PROF. MARY Ann Lila of North Carolina State University’s Human Health Institute discussed the plant discoveries her team made for translation into the marketplace. “Everybody in America knows they should be eating nutritious food, but instead of consuming five cups of vegetables and fruits per day, they eat an average of maybe 1.8 cups. In Israel, the figure is probably higher.
Americans still prefer to go to fastfood restaurants instead of cooking nutritious food themselves.”
The plants her team collected in North Carolina and other states were made into cell cultures, tested on lab animals and examined for the presence of antioxidants, changes in gene expression and cell death. From proven phytoactive medicine, Lila continued, “it’s a long way to bring something to the consumer.”
They were commissioned to produce highly nutritious extracts of fruit and vegetable for US soldiers, binding it in shelf-stable form for combat rations.
“Our soldiers gobble up a lot of junk food, but the US Army is frustrated when they try including better foods that the soldiers refuse to eat,” she explained. In the field, soldiers and backpackers can’t take fresh produce with them; they’re too heavy, and they spoil quickly.
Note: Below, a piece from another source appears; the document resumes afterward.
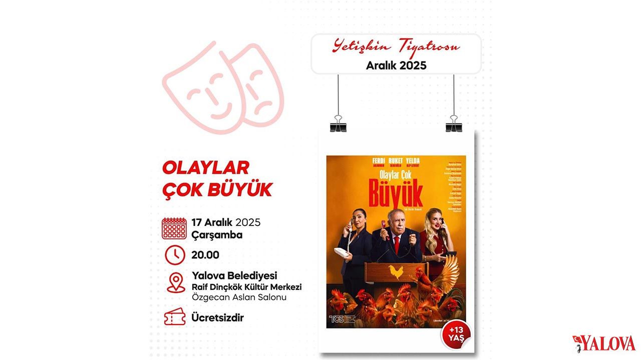 Yalova Belediyesi, kültür ve sanat etkinlikleri kapsamında yetişkinlere yönelik tiyatro oyunlarını Aralık ayında da sanatseverlerle buluşturmaya devam ediyor. Bu kapsamda sevilen tiyatro oyunu “Olaylar Çok Büyük”, Yalova’da sahnelenecek.

In Lila’s lab, for fruit they decided to work on muscadine grapes, whose pigments are full of beneficial antioxidants, mixed with hemp flour and soy protein isolates. For a vegetable, they chose kale leaves, from which they made juice, which was added to whey protein made from milk without adding sugar. The resulting “energy bars” were tested in two labs and found by soldiers to be delicious as well as having a long-shelf life.
“Such bars can be eaten by astronauts at the International Space Station.
We are working on this too,” she reported.
Lila’s lab decided to help sportsmen who push themselves to the limit, causing their immune systems to get weak and exposing them to colds and the flu. “We tested athletes, who are willing to do anything to excel, on treadmills. The resulting supplement we developed was a protein polyphenol called Nutrasorb. We found that the number of viral infections decreased when they ate them. They can make a different and are very popular among athletes today.”